Entretien Replay/juin 2022
Dans la vidéo intitulée « Mandibules, Steak, Incroyable mais vrai… Quentin Dupieux fait le Replay de sa carrière », Quentin Dupieux se prête à un exercice de rétrospective à la fois personnel et décontracté, en revenant sur plusieurs jalons de sa filmographie. À travers ce format, le réalisateur retrace l’évolution de son travail tout en livrant des éléments de compréhension sur sa démarche artistique.
La discussion s’articule autour de quelques œuvres emblématiques, parmi lesquelles Steak (2007), Mandibules (2020) et Incroyable mais vrai (2022). Chacun de ces films illustre une étape différente de son parcours, depuis ses premières expérimentations jusqu’à des projets plus récents qui confirment la cohérence de son univers. Dupieux y évoque la genèse de ses idées, leur traitement à l’écran, ainsi que les réactions qu’elles ont pu susciter.

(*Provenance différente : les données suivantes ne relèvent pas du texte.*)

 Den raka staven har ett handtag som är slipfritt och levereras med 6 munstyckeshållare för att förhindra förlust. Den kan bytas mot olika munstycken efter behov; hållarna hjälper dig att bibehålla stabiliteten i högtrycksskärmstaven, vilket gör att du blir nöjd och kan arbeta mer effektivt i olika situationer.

Au fil de l’échange, le cinéaste revient sur les constantes de son cinéma : un goût prononcé pour l’absurde, des récits volontairement déstructurés et une volonté de s’affranchir des cadres narratifs traditionnels. Sans adopter un discours théorique, il privilégie une approche pragmatique, centrée sur l’idée initiale plutôt que sur l’analyse formelle. Cette posture contribue à entretenir l’image d’un réalisateur qui revendique une certaine liberté créative, en marge des conventions du cinéma dominant.

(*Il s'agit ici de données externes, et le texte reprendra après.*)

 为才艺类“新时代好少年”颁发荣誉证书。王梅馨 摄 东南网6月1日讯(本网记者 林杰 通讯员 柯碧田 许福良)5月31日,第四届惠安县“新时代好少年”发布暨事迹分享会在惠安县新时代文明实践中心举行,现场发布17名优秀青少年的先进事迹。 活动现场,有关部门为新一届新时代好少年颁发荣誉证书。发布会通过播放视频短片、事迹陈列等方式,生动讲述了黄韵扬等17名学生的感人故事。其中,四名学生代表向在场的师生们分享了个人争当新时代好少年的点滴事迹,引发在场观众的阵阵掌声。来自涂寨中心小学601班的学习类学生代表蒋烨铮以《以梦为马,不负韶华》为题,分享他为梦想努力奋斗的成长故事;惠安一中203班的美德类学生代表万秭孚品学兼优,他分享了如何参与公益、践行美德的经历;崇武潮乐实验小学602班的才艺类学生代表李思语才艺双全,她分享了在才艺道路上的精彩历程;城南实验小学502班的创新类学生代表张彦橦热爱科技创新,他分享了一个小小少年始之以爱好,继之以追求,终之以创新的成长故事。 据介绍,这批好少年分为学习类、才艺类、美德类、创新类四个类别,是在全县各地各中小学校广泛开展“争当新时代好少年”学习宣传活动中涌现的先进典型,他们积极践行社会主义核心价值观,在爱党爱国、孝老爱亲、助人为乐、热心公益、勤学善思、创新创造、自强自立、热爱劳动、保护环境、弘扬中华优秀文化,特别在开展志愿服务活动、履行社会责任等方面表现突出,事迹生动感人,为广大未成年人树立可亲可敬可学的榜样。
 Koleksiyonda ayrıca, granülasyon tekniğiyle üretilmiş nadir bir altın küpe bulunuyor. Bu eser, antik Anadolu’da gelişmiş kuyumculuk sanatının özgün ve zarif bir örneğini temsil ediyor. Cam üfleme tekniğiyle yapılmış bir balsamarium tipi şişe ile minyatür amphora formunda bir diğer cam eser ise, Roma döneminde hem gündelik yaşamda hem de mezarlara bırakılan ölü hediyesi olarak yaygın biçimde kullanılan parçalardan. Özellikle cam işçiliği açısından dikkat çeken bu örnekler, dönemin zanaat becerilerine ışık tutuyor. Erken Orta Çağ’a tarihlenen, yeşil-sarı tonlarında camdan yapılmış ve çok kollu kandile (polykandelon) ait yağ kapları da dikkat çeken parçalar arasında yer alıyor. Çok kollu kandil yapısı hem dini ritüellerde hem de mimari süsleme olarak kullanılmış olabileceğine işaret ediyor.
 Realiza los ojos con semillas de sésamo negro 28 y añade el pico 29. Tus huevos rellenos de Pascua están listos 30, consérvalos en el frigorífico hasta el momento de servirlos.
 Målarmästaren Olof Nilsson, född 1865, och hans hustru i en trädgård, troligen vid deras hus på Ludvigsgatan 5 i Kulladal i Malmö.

La vidéo met également en évidence la continuité de sa démarche. Malgré la diversité apparente des sujets abordés, une même logique traverse ses films : explorer des situations incongrues, jouer avec les attentes du spectateur et maintenir une forme d’équilibre entre humour, étrangeté et réflexion implicite. Cette cohérence apparaît d’autant plus clairement dans un format rétrospectif, qui permet de relier entre elles des œuvres parfois perçues isolément.
En définitive, cette “relecture” de carrière offre un éclairage sur la trajectoire de Quentin Dupieux, tout en confirmant les traits distinctifs de son cinéma : une écriture libre, une attirance pour les dispositifs conceptuels et une volonté constante de détourner les codes narratifs établis.